Advancements in reproductive technology have expanded the influence that parents can have on their children. Pre-implantation screening and selection, prenatal screening and selective abortion, and fetal gene therapy now make it possible for parents to select features of their children, even before those children are born. Reproductive selection has most frequently been used to select against disabilities. However, procreators have now begun to use reproductive selection to select for disabilities, such as deafness and dwarfism. Though parents are often afforded a special moral permission to determine many aspects of their children’s lives, that permission does not obviously include a permission to select for disabilities in their future children.

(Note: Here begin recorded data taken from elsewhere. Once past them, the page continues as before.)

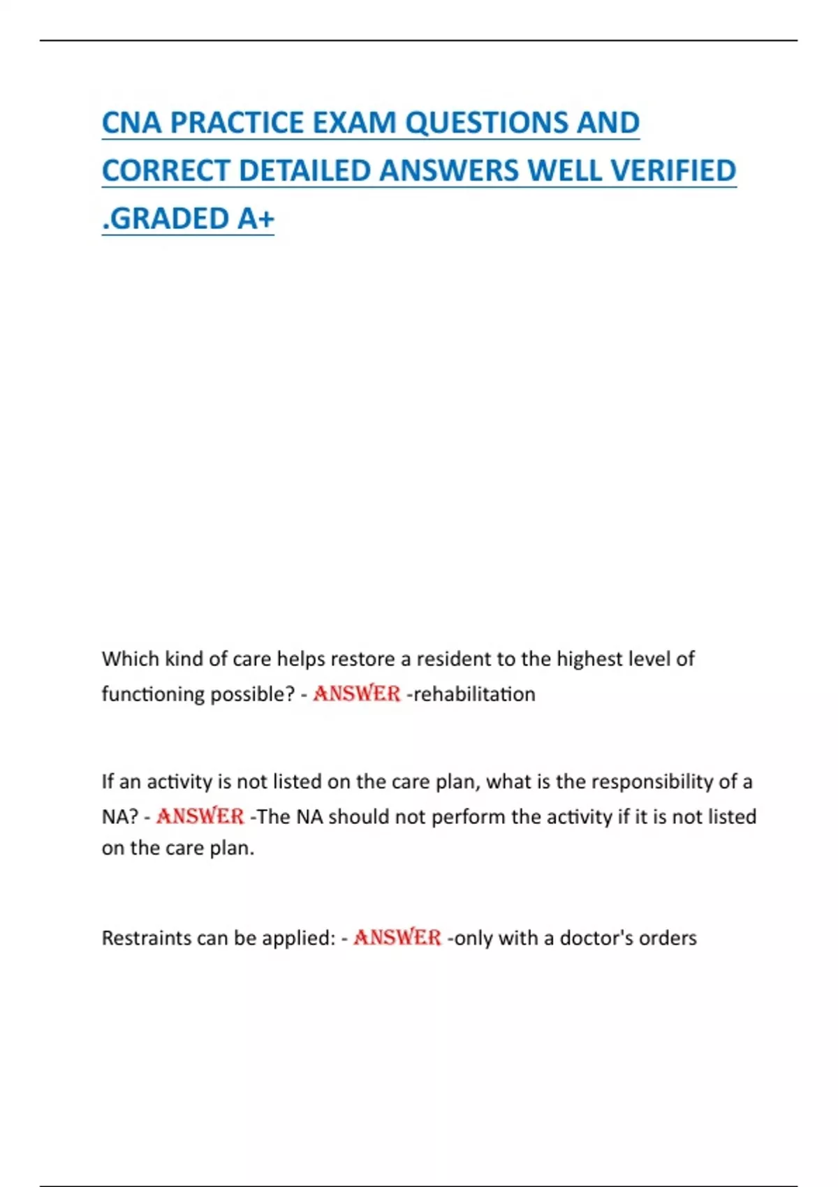 Restraints can be applied: - ANSWER -only with a doctor's orders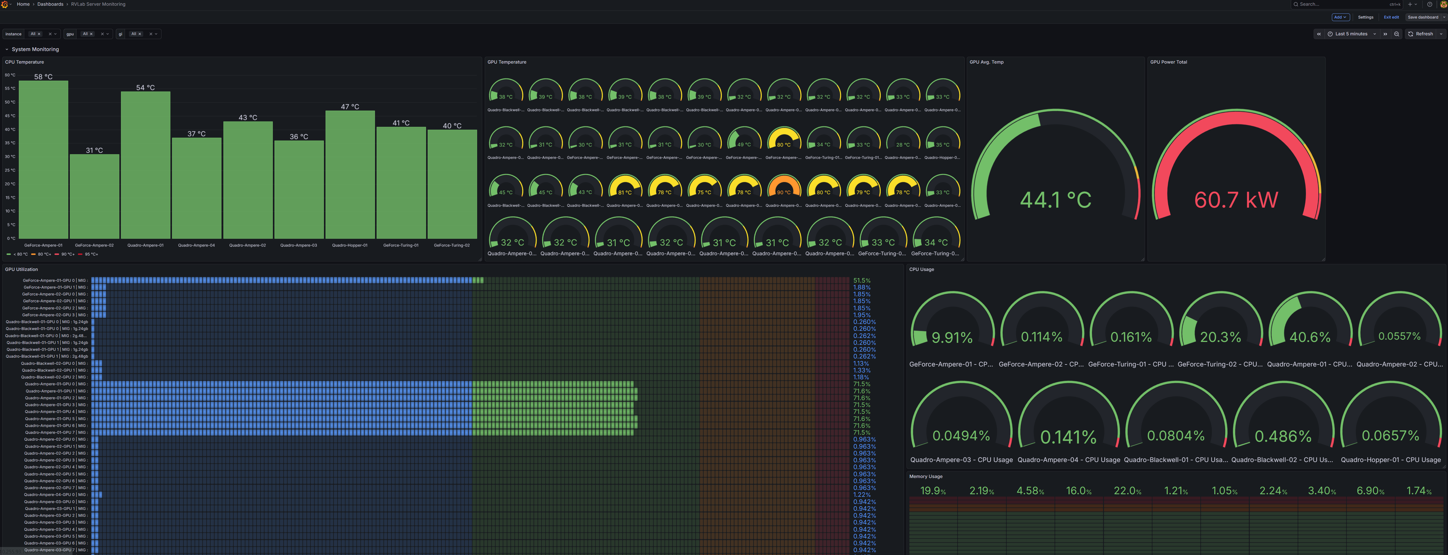 최근 교내 서버실에 에어컨이 고장나는 상황이 발생하였는데 연구실 GPU 등 과열이 발생할 경우 재성능을 발휘하지 못하거나 고장이 날 수 있는 등의 문제를 초래할 수 있어 다음과 같은 방법으로 연구실 내 있는 모든 워크스테이션의 상태를 모니터링 할 수 있도록 만들어 두었습니다. 물론 쿠버네티스나 슬럼과 같은 고도화 된 방법을 사용할 수 있지만 더 많은 시간을 허비하고 싶진 않아서 빠르고 쉽게 모니터링 환경을 구축해보실 분들은 다음 방법을 사용해보시길 추천드립니다.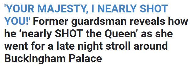 Η βασίλισσα πήγε στον κήπο και βρέθηκε στο στόχαστρο ενός από τους φρουρούς της στις 03:00 τα ξημερώματα. Ο φρουρός που δεν την αναγνώρισε νόμιζε ότι επρόκειτο για εισβολέα και παραλίγο να την πυροβολήσει.

I argue for a role-based framework to address the morality of using reproductive selection to select for disabilities. Procreators are not unrelated to their offspring; they are often the prospective parents of their offspring. Insofar as procreators procreate in order to become parents, they assume the role of parent and its subsequent obligations. The parental role has a moral end, namely, the facilitation of the child's future autonomy. Parental obligations are keyed to this end. As prospective parents, procreators are also obligated to facilitate the autonomy of their future children. Procreators are prohibited, then, from selecting traits for their children that would impose obstacles to their children's autonomy. Insofar as a disability is an impediment to autonomy, it is not a trait that procreators have a permission to choose on behalf of their offspring.